[Source records]
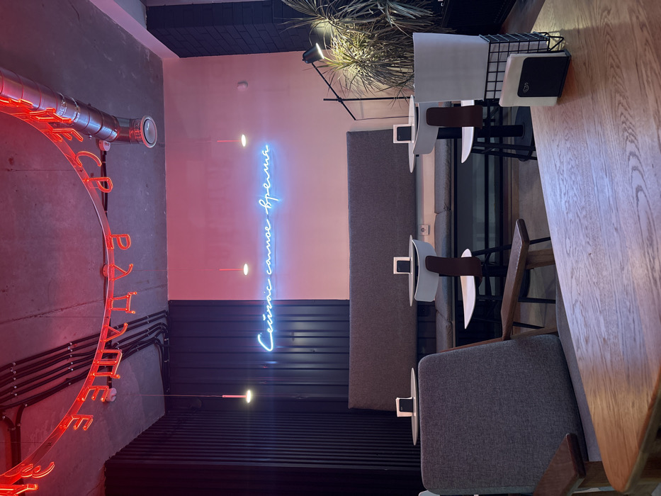 The image depicts the interior of the "ГУЛЯЙ ДАЛЬШЕ" café, located at Ligovsky Prospekt, 74, Saint Petersburg, Russia. The scene is illuminated by red and blue neon signs, recessed ceiling lights, pendant lights, and an articulated floor lamp, creating a dim, modern atmosphere. The ceiling is unfinished concrete, featuring exposed black electrical conduits and silver ventilation ducts. A red neon sign displaying "ГУЛЯЙ ДАЛЬШЕ" (Walk Further) in Cyrillic hangs upside down from the ceiling. The left wall is covered with dark, vertically ribbed paneling. The rear wall features a long, dark grey upholstered bench seat. In front of this bench are several small, round, light grey tables, each accompanied by a pair of white and dark-backed minimalist chairs. Every table is equipped with a black napkin dispenser. Above the bench, a light pink wall section displays a horizontal blue neon sign reading "Сейчас самое время" (Now is the right time) in Cyrillic. To the right, a black articulated floor lamp stands next to a tall potted plant, partially obscuring a dark brick-patterned wall. In the immediate foreground, a grey upholstered armchair with wooden armrests sits beside a wooden table. No individuals are present in the depicted scene.
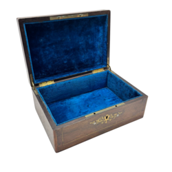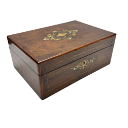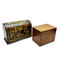 | Omschrijving | Lot van drie houten kistjes, waarvan één met messing ingelegd. Hierbij een beschilderd papier maché exemplaar. |
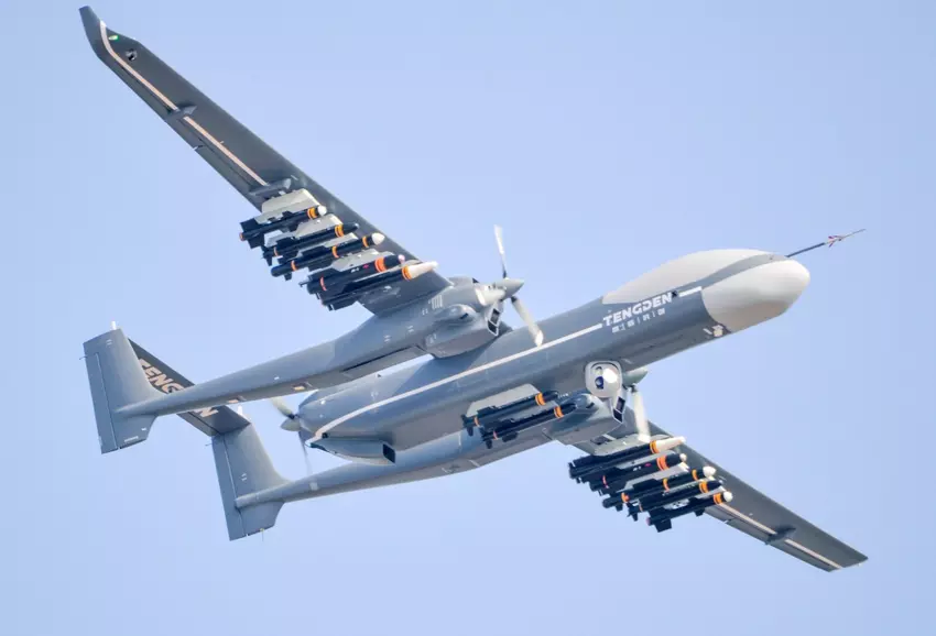Diese Drohnen können Luftbomben und Raketen tragen und können auch mit kleineren Drohnen bestückt werden. Im Rahmen der Übung hoben die drei Scorpions abwechselnd vom Flugplatz ab und reihten sich in der Luft in verschiedenen Formationen auf.
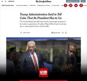 En paralelo, reportes del New York Times citados por medios internacionales indican que la administración estadounidense habría transmitido a negociadores cubanos una condición central para avanzar en conversaciones: la salida del poder de Miguel Díaz-Canel, así como la destitución de varios dirigentes históricos del Partido Comunista y la liberación de presos políticos.
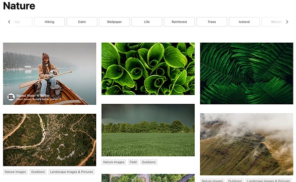 Search results for ‘nature’ images featuring the color green in landscape orientation. In the top left you can also see an Unsplash for Brands image for Boxed Water. |
[/Source records]
> _Your assignment_
Lines from the one with "En paralelo, reportes" through the final line of the listing above: copy them exactly, both ends included, and omit every picture.

> _Response for this exercise_
 En paralelo, reportes del New York Times citados por medios internacionales indican que la administración estadounidense habría transmitido a negociadores cubanos una condición central para avanzar en conversaciones: la salida del poder de Miguel Díaz-Canel, así como la destitución de varios dirigentes históricos del Partido Comunista y la liberación de presos políticos.
 Search results for ‘nature’ images featuring the color green in landscape orientation. In the top left you can also see an Unsplash for Brands image for Boxed Water. |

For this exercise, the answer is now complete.